• **TASK PROMPT**
Repeat, word for word, every line from the line holding "24일부터 25일까지 전국에" through the final line of the entries below. Skip all pictures.

[Dataset records]
-*-*-

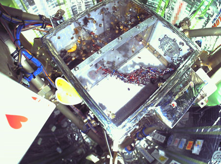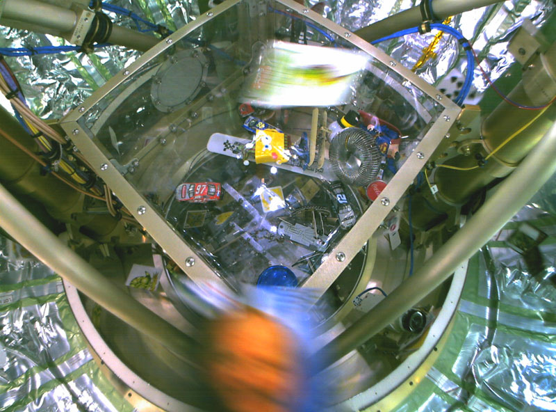 ЦитироватьThe pictured box contains Mexican jumping beans and a magnetic experiment. This small experiment consists of two electromagnets surrounded by small metal objects of varying sizes and colors. As the electromagnets are alternately activated and deactivated, the metal shapes in between form a new "sculpture" each time.
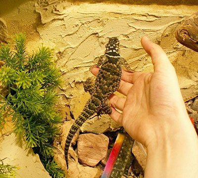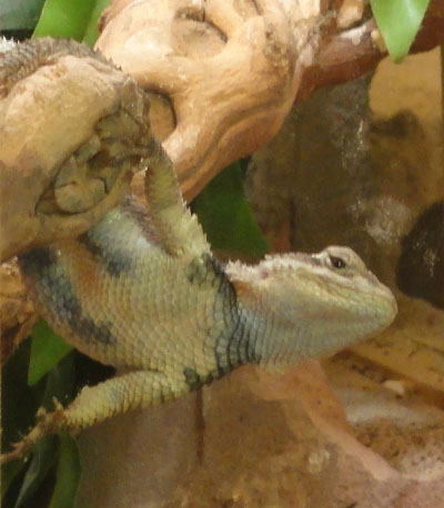 Nachzucht:Paarungszeit ist im Herbst (ab August); die Tiere sind lebendgebärend (etwa zwischen Januar und Mai); Anzahl Junge 6-16 (auch schon mal bis zu 26)Futter:hauptsächlich Insekten unterschiedlichster Art, ergänzend nehmen sie auch pflanzliches Futter an.Sonstiges: Der blaue Stachelleguan ist der größte bekannte Stachelleguan. Er zählt auch mit zu den am häufigsten gehaltenen Stachelleguanen. Blaue Stachelleguane können in Gruppen von einem Männchen mit mehreren Weibchen gehalten werden. Anmerkung: Niemals ausgewachsene Männchen in einem Terrarium zusammen halten. Das geht nicht gut. Auch unter den Weibchen kann es Ärger geben. In diesem Fall sollten diese ebenfalls getrennt gehalten werden, denn das unterdrückte Tier würde auf Dauer eingehen. Die Tiere haben einen starken Fluchtinstinkt und lassen sich nicht freiwillig anfassen. Sie werden aber ansonsten relativ schnell zutraulich und nehmen Futter auch aus der Hand.
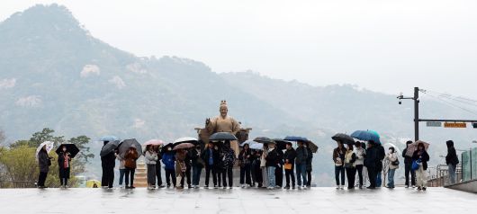 24일부터 25일까지 전국에 비가 내릴 것으로 예보됐다. 2025년 4월 14일 오전 서울 종로구 광화문 광장에서 우산을 쓴 외국인 관광객들이 이동하고 있다. /뉴스1 |
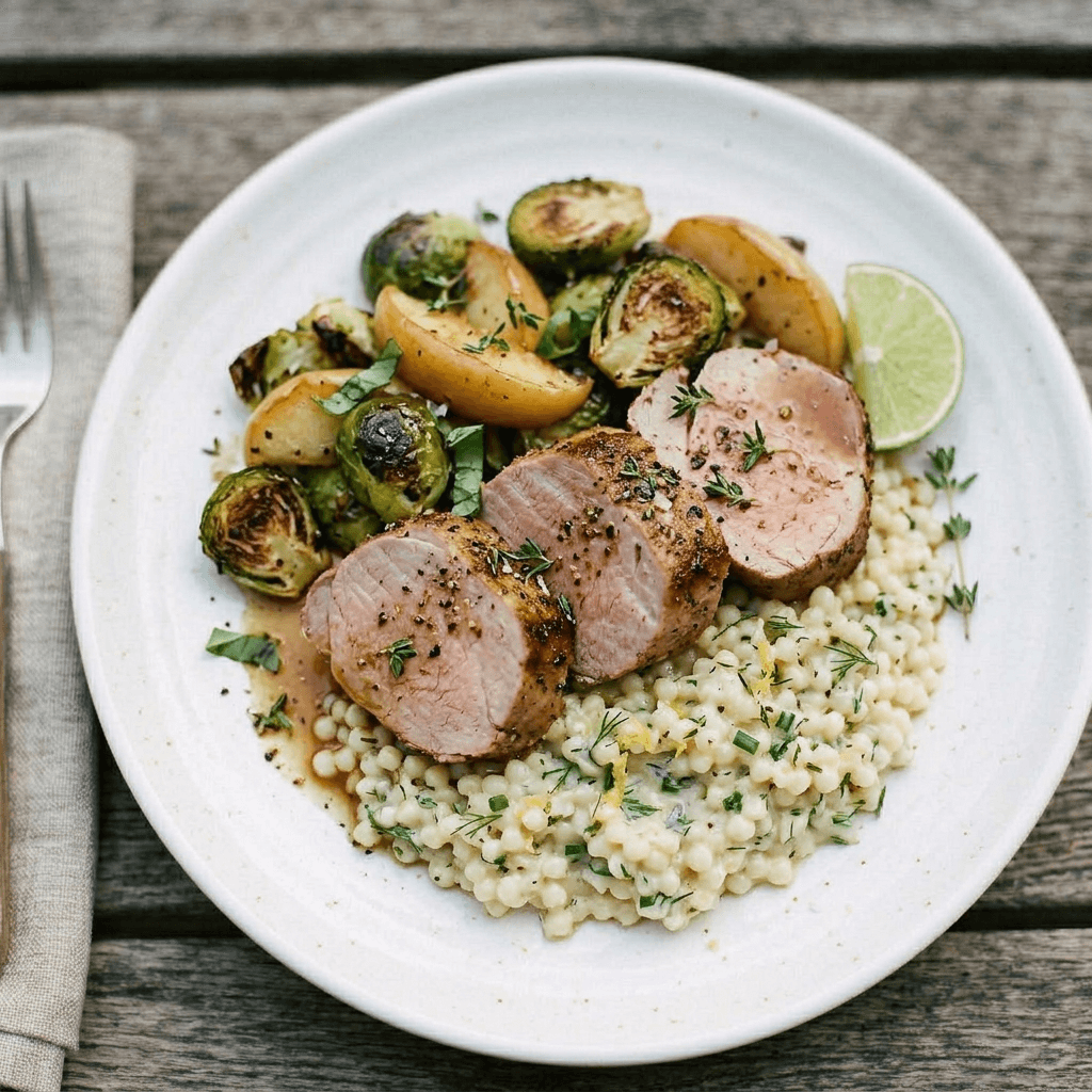 Pork Tenderloin with Roasted Apples and Brussels Sprouts —
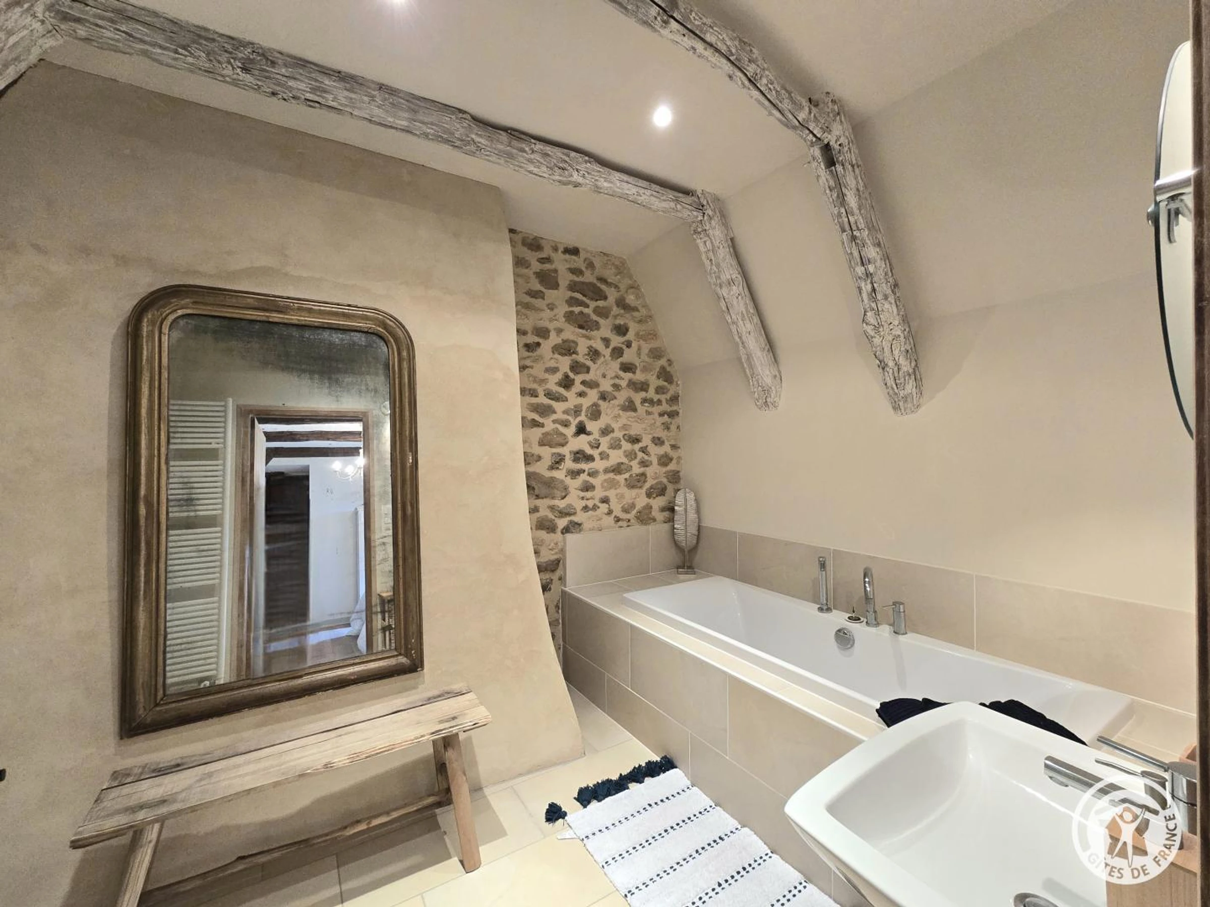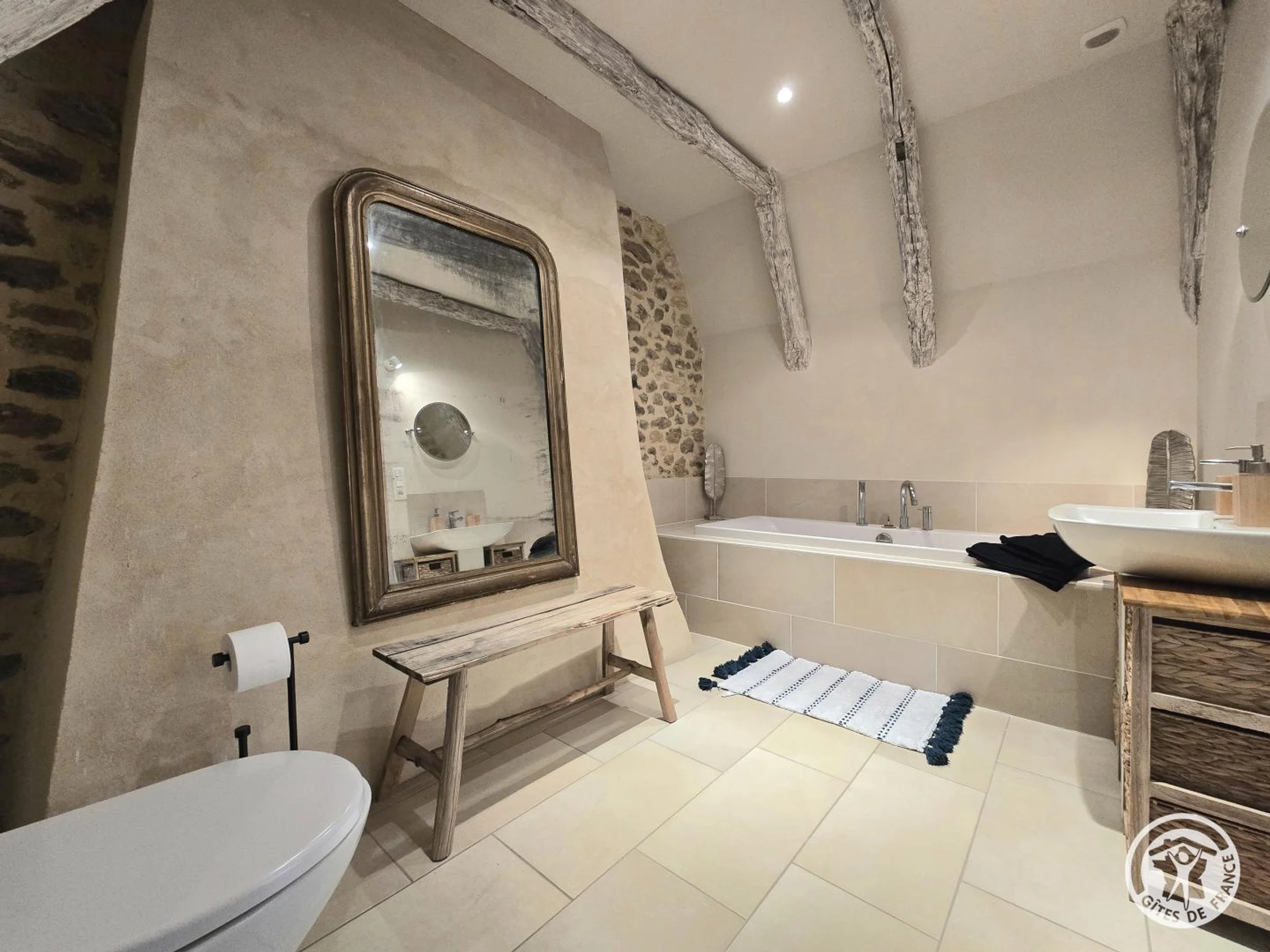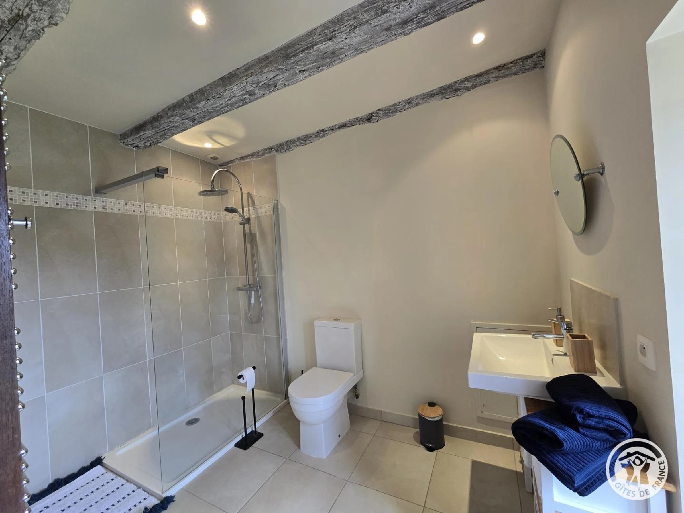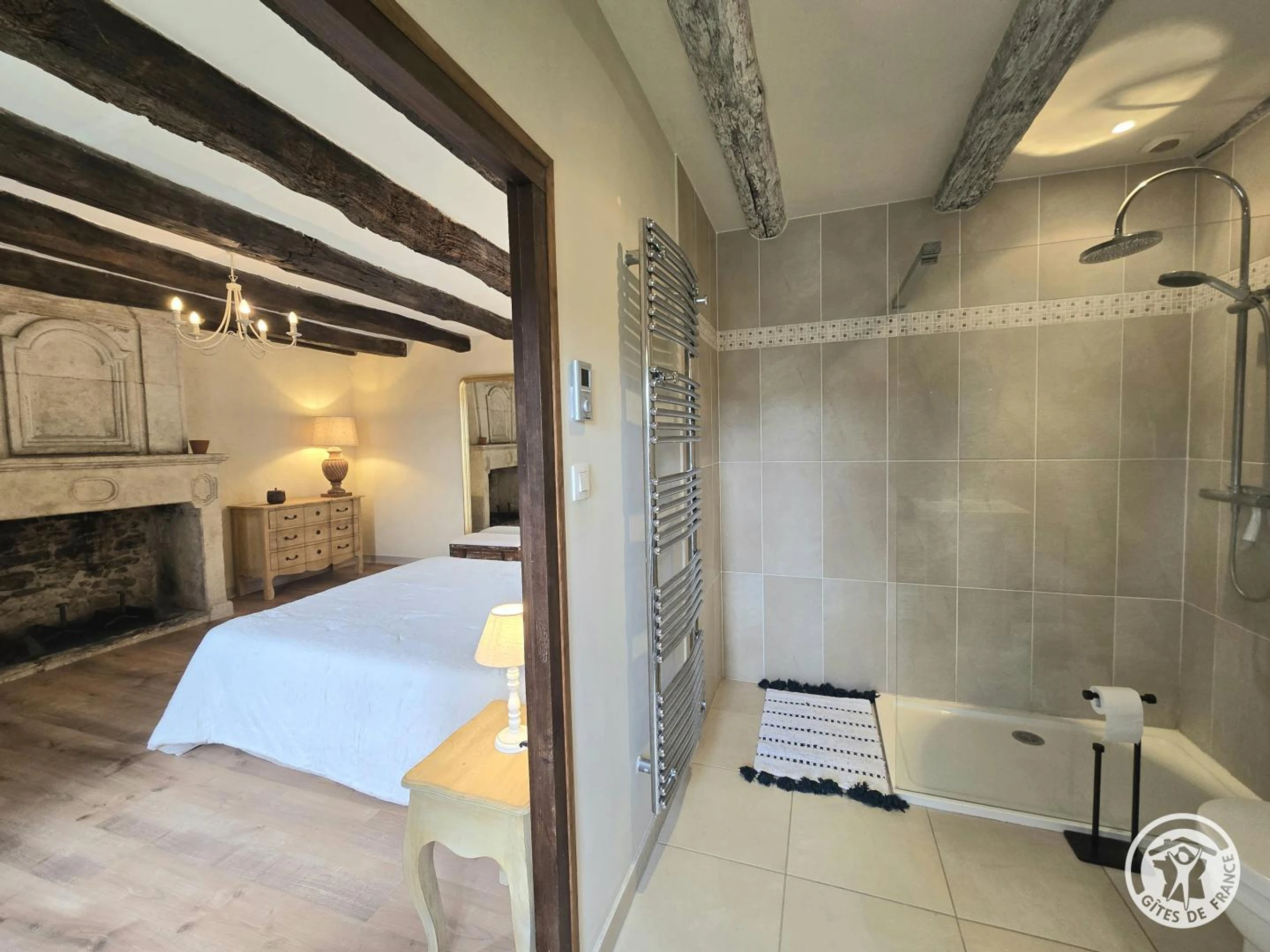 Obergeschoss: Erste Suite mit Queensize-Bett und eigenem Duschbad mit WC. Zweites Dachgeschoss-Schlafzimmer mit Kingsize-Bett und eigenem Duschbad (Dusche und WC). Drittes Schlafzimmer mit Queensize-Bett und eigenem Badezimmer mit Badewanne und WC.

-*-*-

• **REPLY TO THE EXERCISE**
 24일부터 25일까지 전국에 비가 내릴 것으로 예보됐다. 2025년 4월 14일 오전 서울 종로구 광화문 광장에서 우산을 쓴 외국인 관광객들이 이동하고 있다. /뉴스1 |
 Pork Tenderloin with Roasted Apples and Brussels Sprouts —
 Obergeschoss: Erste Suite mit Queensize-Bett und eigenem Duschbad mit WC. Zweites Dachgeschoss-Schlafzimmer mit Kingsize-Bett und eigenem Duschbad (Dusche und WC). Drittes Schlafzimmer mit Queensize-Bett und eigenem Badezimmer mit Badewanne und WC.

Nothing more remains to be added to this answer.